I had some time when I was up at my parent's house to get my sails down and inspect them. I had not really had time to do that in the fall. In general, the sails are in really great shape. The main, genoa, and storm jib are all in amazing condition. The main and storm jib look brand new and the genoa looks lightly used. The spinnaker is in pretty good shape as well, with one or two tiny holes. This is not really an issue, as the spinnaker is made from rip-stop nylon.
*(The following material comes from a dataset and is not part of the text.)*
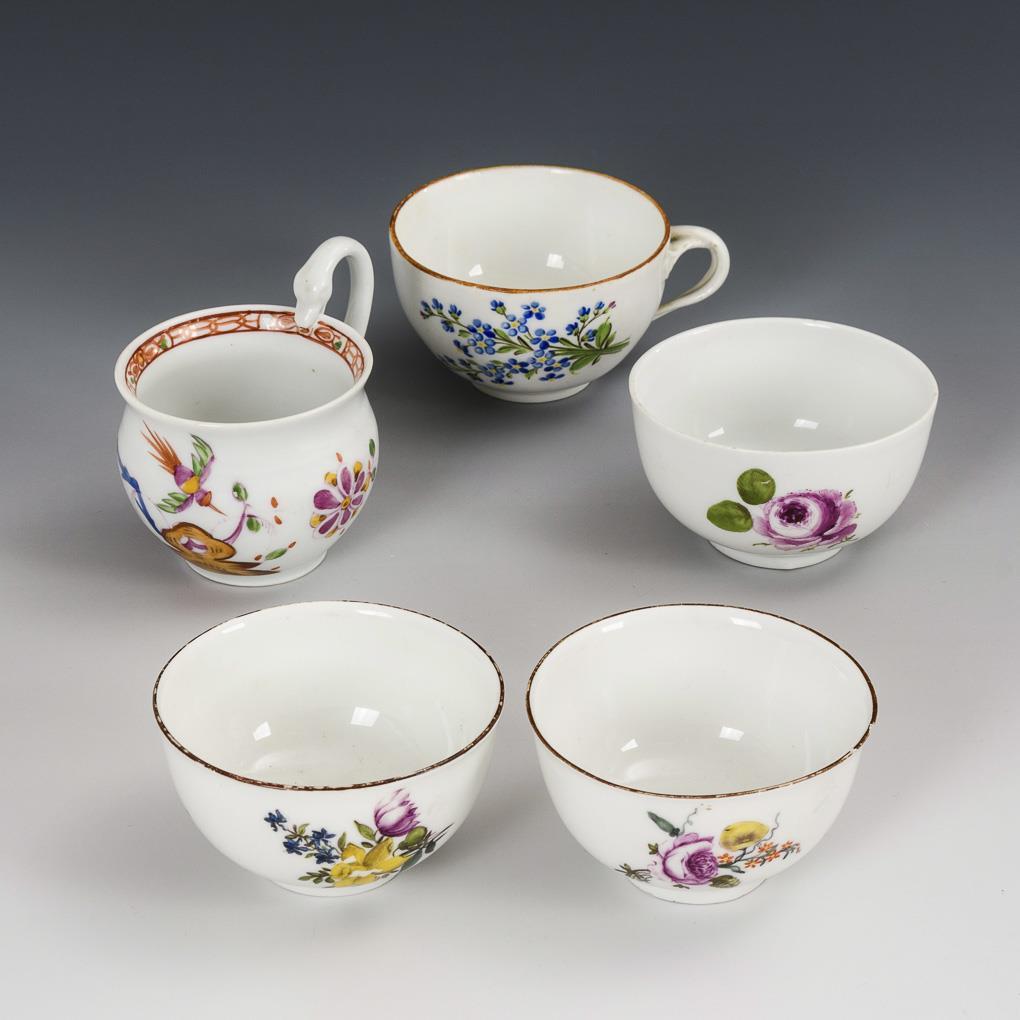 3 baroque koppchen and 2 cups. Meissen.

To the right are the three head sails (genoa, working jib, storm jib) laid out on each other. The genoa looks like a 150% genoa, meaning that is overlaps the main sail by about 50% to make use of more sail area in light to moderate wind conditions. The working jib does not overlap the main and is used in moderate winds, while the storm jib is used in heavy winds. If I were planning to do a lot of open ocean sailing, I would get a true storm jib (about 35 sq ft) and a storm trysail (to replace the main, about 50 sq ft). These sails are designed for when you're sailing in storm weather, with winds that are probably 40+ knots, and therefore TINY!!! Enough about sails I don't have though. The working jib has seen a lot of use, and unfortunately has a few holes in it from mice. While some might see this as a major setback, I see it as an opportunity to learn to patch my sails. Eventually I want to make my own sails when I have to replace these, or when I get the next boat. Learning to patch the ones I have is a good way to get started. It is a relatively small undertaking, but it sets up a lot of the basic techniques for sewing sails (at least by hand).
More to come soon, including starting the bottom paint project. Until then, I wish you all fair winds and following seas!